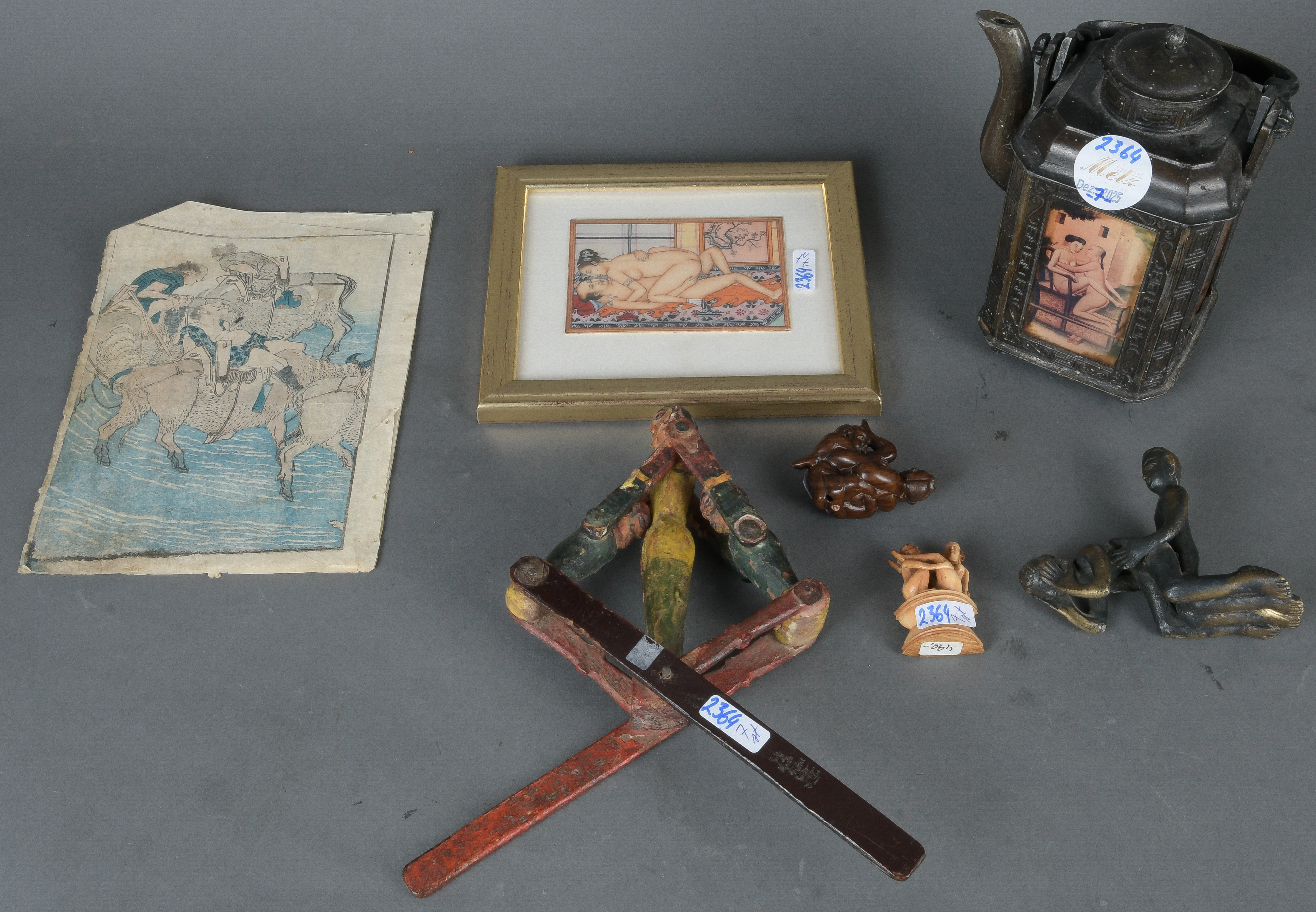 - Katalog-Nr: 2364Konvolut Erotika. Asien. Meist Figuren aus Horn / Holz, geschnitzt, sowie Metall und Holzschnitt, H=4,5 bis 25 cm.o.L.
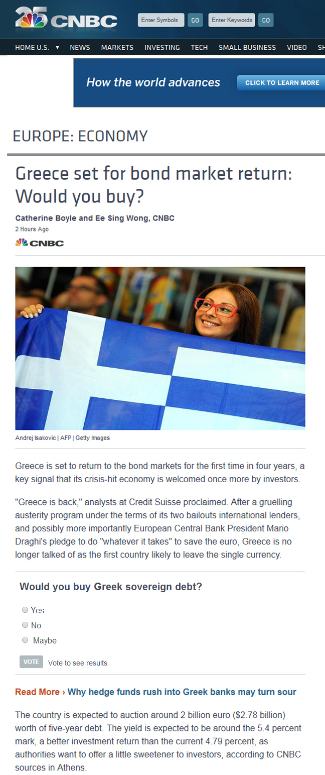 Μάλιστα, στην ιστοσελίδα του φιλοξενεί μια δημοσκόπηση και καλεί τους αναγνώστες του να ψηφίσουν αν θα αγόραζαν ελληνικό χρέος. Από τα μέχρι στιγμής αποτελέσματα φαίνεται πώς η επιστροφή στις αγορές διχάζει, αφού το 46% όσων απάντησαν λέει «ναι», ένα 42% γυρίζει την πλάτη στα ελληνικά ομόλογα και ένα 12% απαντά «Ίσως».
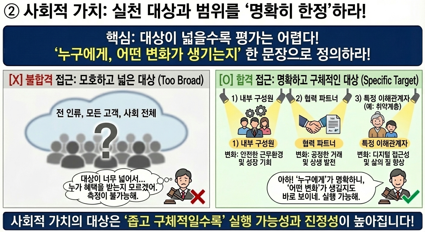 이 사례에서 사회적 가치의 핵심 대상은 불특정 다수가 아닙니다.
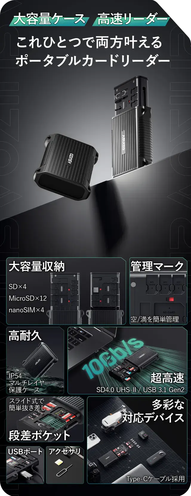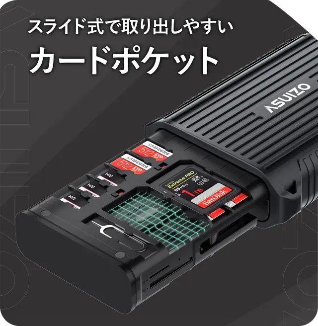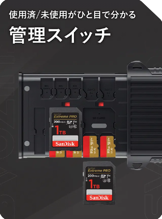 大容量SDカード×4、Micro SDカード×12、Nano SIMカード×4を収納可能!
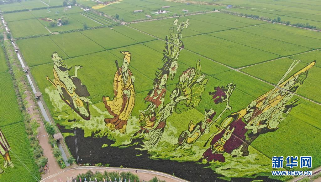 這是8月16日拍攝的稻田畫《八仙過?!罚o人機(jī)照片)。
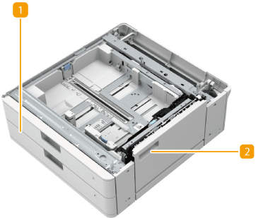 Tamaina desberdineko paper-tiradera batean papera kargatzean, gidak doitu.
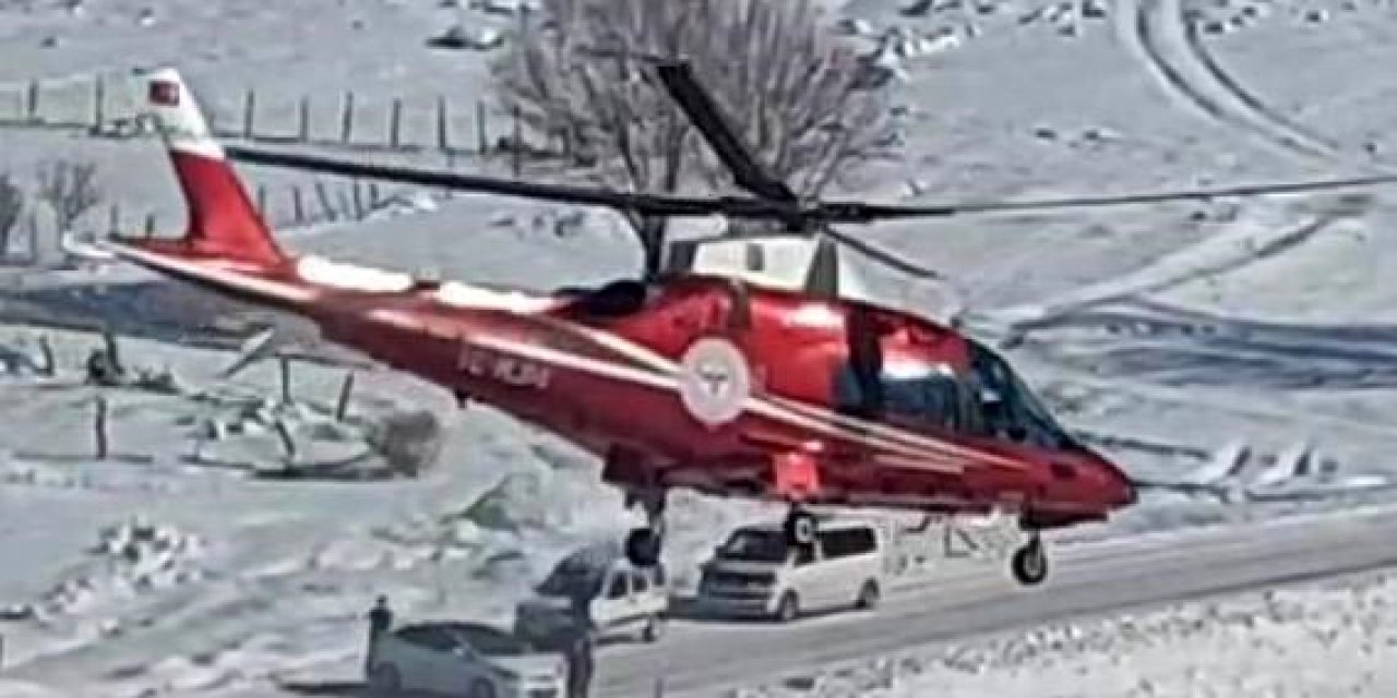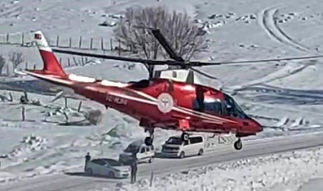 Kalp krizi geçiren vatandaş karlı yola inen ambulans helikopterle hastaneye kaldırıldı
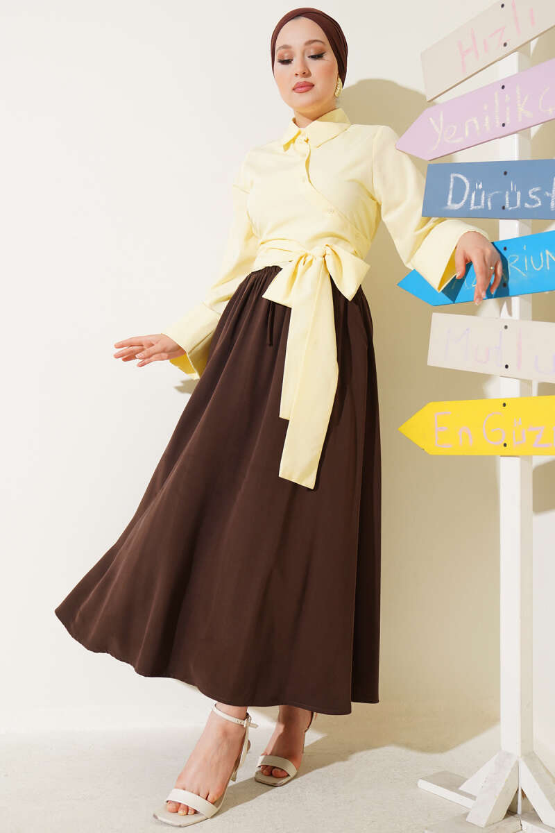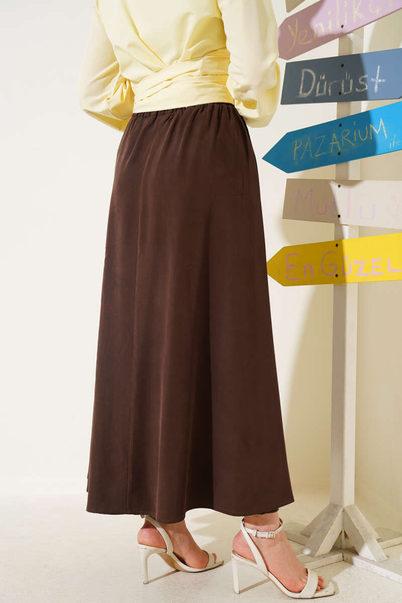 Beli Lastikli Ekose Desen Kloş Etek Kahve

::::

The records above, minus their pictures, are to be returned word for word.

SOLVED PROBLEM:
 - Katalog-Nr: 2364Konvolut Erotika. Asien. Meist Figuren aus Horn / Holz, geschnitzt, sowie Metall und Holzschnitt, H=4,5 bis 25 cm.o.L.
 Μάλιστα, στην ιστοσελίδα του φιλοξενεί μια δημοσκόπηση και καλεί τους αναγνώστες του να ψηφίσουν αν θα αγόραζαν ελληνικό χρέος. Από τα μέχρι στιγμής αποτελέσματα φαίνεται πώς η επιστροφή στις αγορές διχάζει, αφού το 46% όσων απάντησαν λέει «ναι», ένα 42% γυρίζει την πλάτη στα ελληνικά ομόλογα και ένα 12% απαντά «Ίσως».
 이 사례에서 사회적 가치의 핵심 대상은 불특정 다수가 아닙니다.
 大容量SDカード×4、Micro SDカード×12、Nano SIMカード×4を収納可能!
 這是8月16日拍攝的稻田畫《八仙過?!罚o人機(jī)照片)。
 Tamaina desberdineko paper-tiradera batean papera kargatzean, gidak doitu.
 Kalp krizi geçiren vatandaş karlı yola inen ambulans helikopterle hastaneye kaldırıldı
 Beli Lastikli Ekose Desen Kloş Etek Kahve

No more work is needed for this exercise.